Dataset excerpts
________________________________________

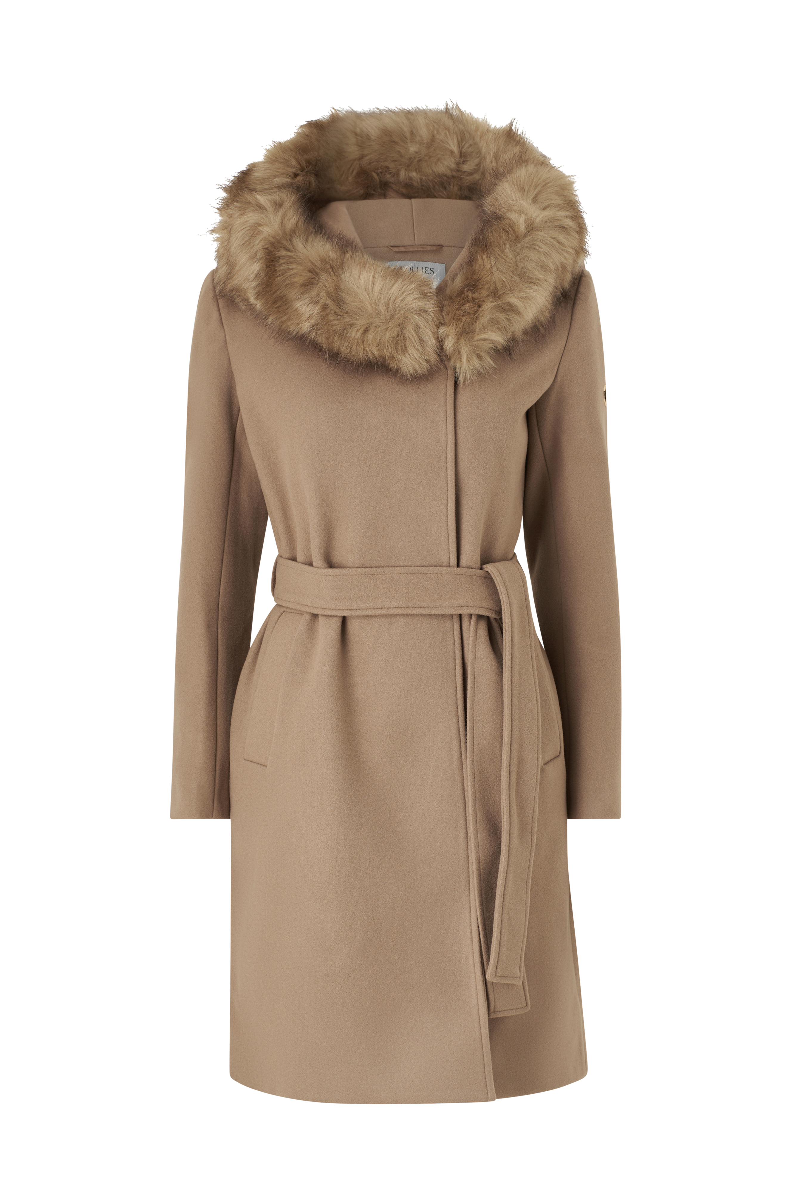 • Rymlig huva med avtagbar kant i mjuk fuskpäls• Omlottdesign med invändigt knytband och knapp upptill• Avtagbart knytskärp i midjan• Logga i guldfärgad metall på vänster ärm• Sidfickor• Slätt, vävt foder• Längd: 97 cm i storlek 36
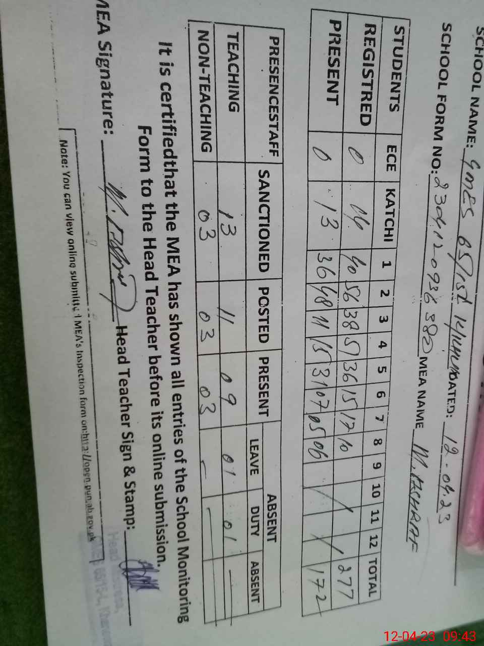 | Certified that this School was Inspected by the Undersigned MEA/DMO Today and the Information Stated Above is as Per Record. | |||||
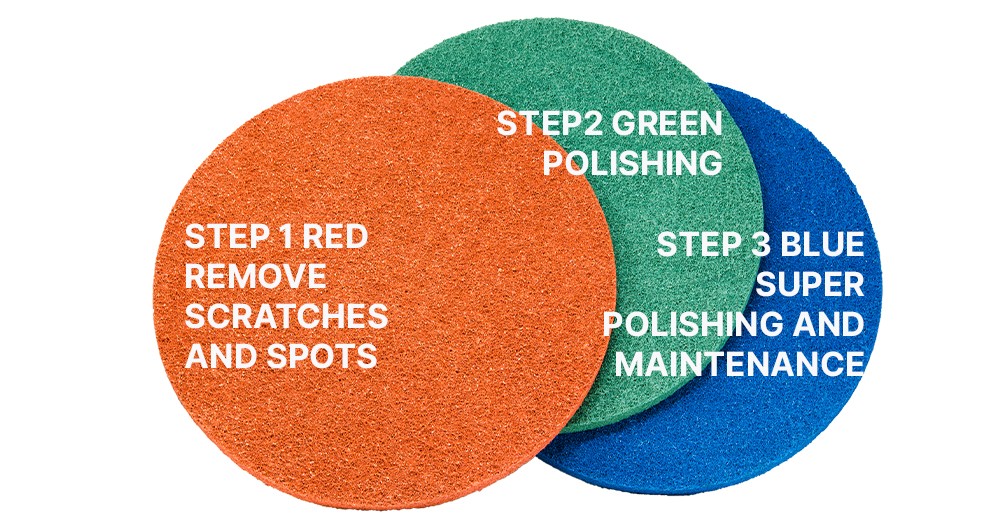 - Red Tripad (Step 1): Aggressive and efficient, the red pad tackles scratches, acid stains, and heavy dirt, delivering a solid 800-grit finish.
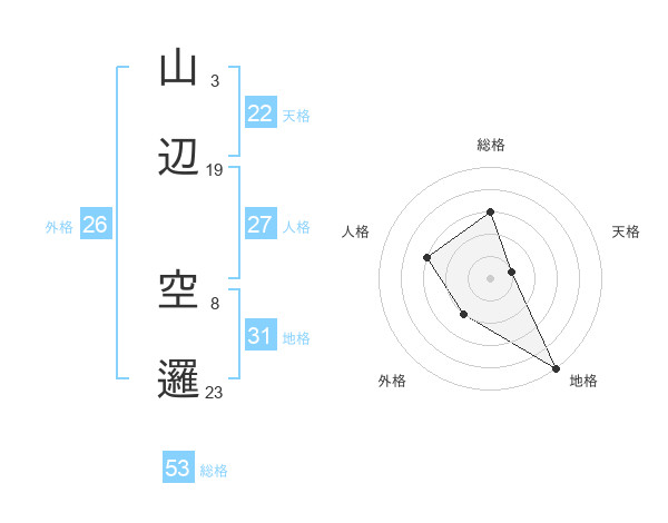山辺 空邏さんの総格は53画の3点!
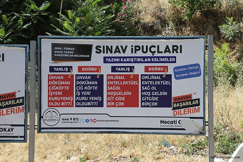 Öğrencilerin sınav esnasında aklında bulundurması gereken Matematik formüllerini billboardlarda yayınlayan Dulkadiroğlu Belediyesi, unutulmaması gereken Türkçe yazım kurallarını da hatırlattı.
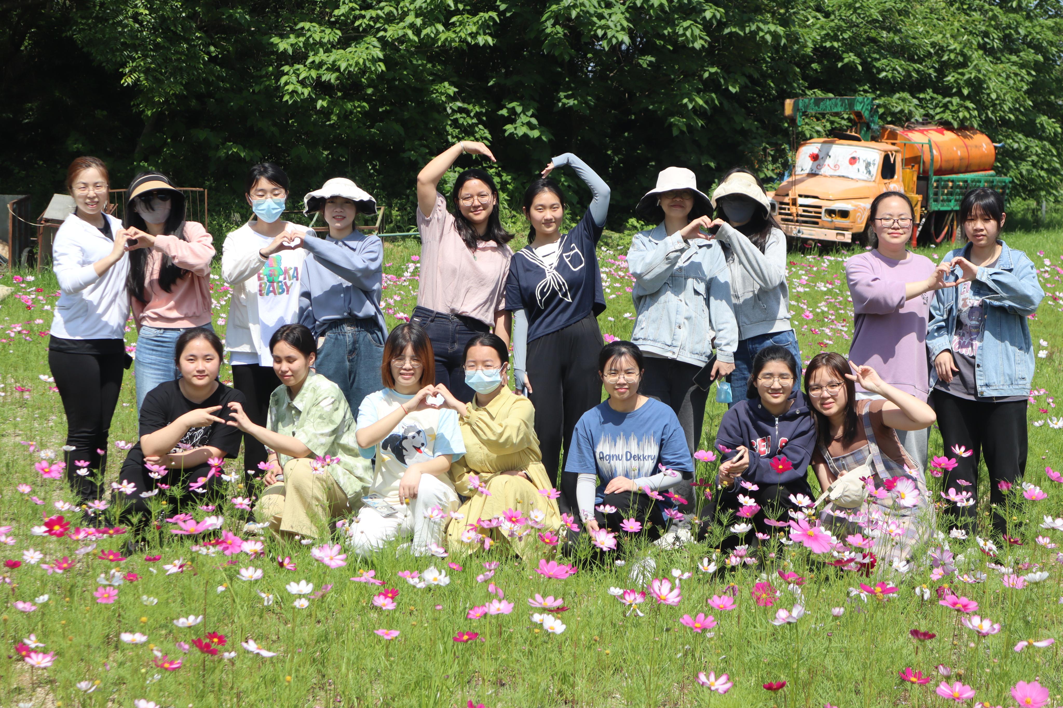 农作结束后,房菁老师与同学们合照。小土坡上铺设了柔软的草皮,沙石地上种植了丛丛红花。草地之上,花海之间,人文师生欢声笑语,共同享受着这片刻闲暇。
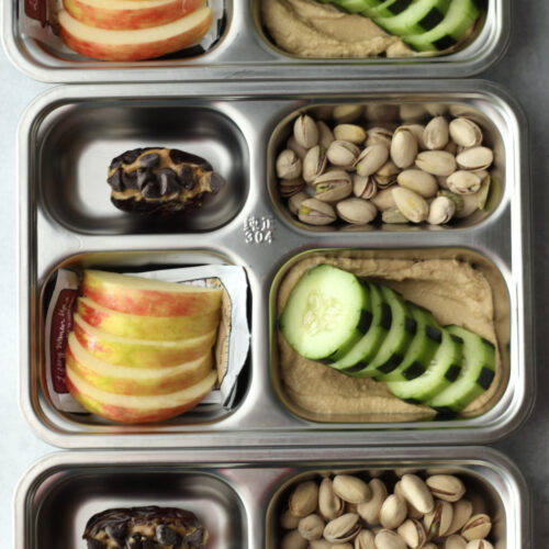 Hummus: Pick up your favorite store-bought hummus for an easy, protein-rich dip. It pairs perfectly with the fresh veggies in these vegan bento snack boxes.
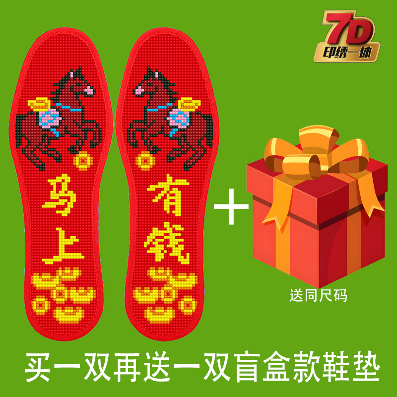 新款本命年红色马上有钱马到成功十字绣鞋垫自己绣半成品带针线
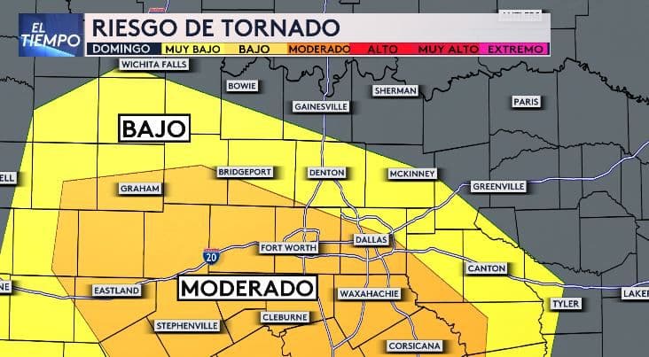En el Metroplex, también el mayor riesgo podría ser de fuertes vientos, aunque no se descarta la posibilidad de granizo y tornados.
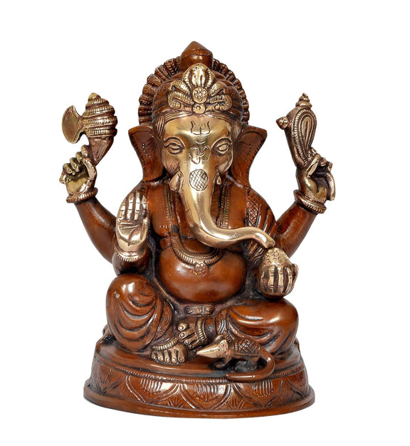 Brass Lord Ganesha Idol Ganesh Statue Decorative Sculpture for Home Decor Office Mandir Pooja Showpiece (Height 8 Inch)
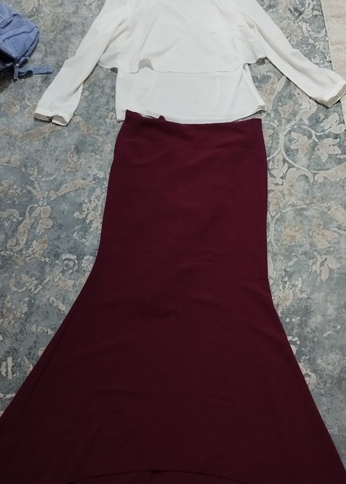 Az kullanılmıştır. Temizdir. Kalem etek önü kısa arkaya doğru uzuyor. Bluz iç gösterir. Etek mürdüm rengidir.
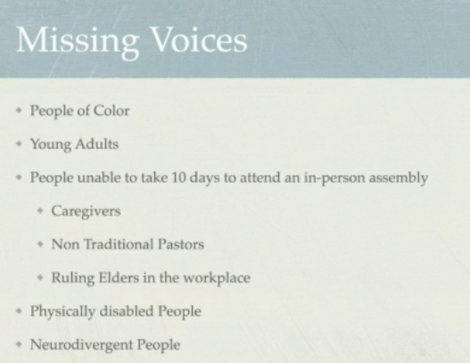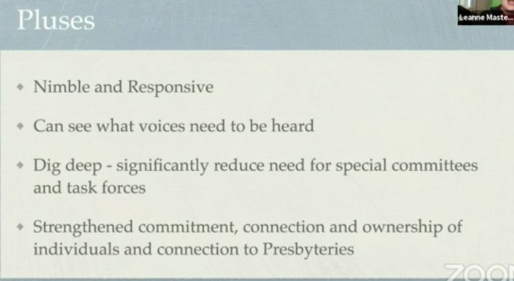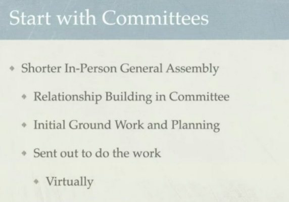 One possibility that was floated: Have a shorter in-person General Assembly focused on committees, with time for committee members to build relationships and do initial work. After that, the commissioners would go home and the committees would continue to do their work virtually — which would give the committees more time to dig deeply into issues, respond to new concerns that rise, build connection and ownership for the work across the church.
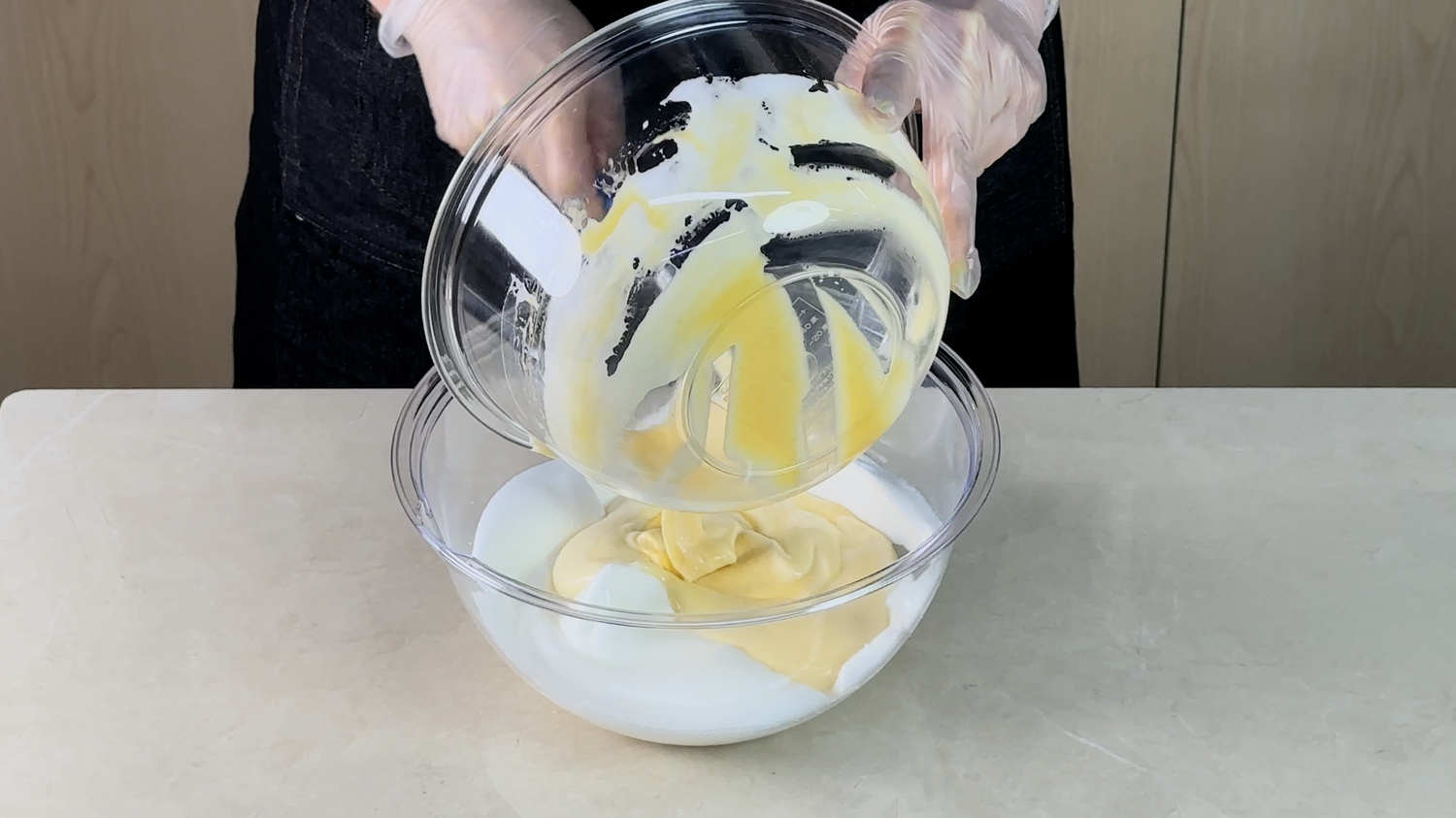 7)再把它倒入剩下的蛋白霜,均勻翻拌。

________________________________________

Your task: Only the lines from the one containing "Az kullanılmıştır. Temizdir." through the last line of the entries above belong in the copy; reproduce them exactly and drop every picture.

Solution to the problem:
 Az kullanılmıştır. Temizdir. Kalem etek önü kısa arkaya doğru uzuyor. Bluz iç gösterir. Etek mürdüm rengidir.
 One possibility that was floated: Have a shorter in-person General Assembly focused on committees, with time for committee members to build relationships and do initial work. After that, the commissioners would go home and the committees would continue to do their work virtually — which would give the committees more time to dig deeply into issues, respond to new concerns that rise, build connection and ownership for the work across the church.
 7)再把它倒入剩下的蛋白霜,均勻翻拌。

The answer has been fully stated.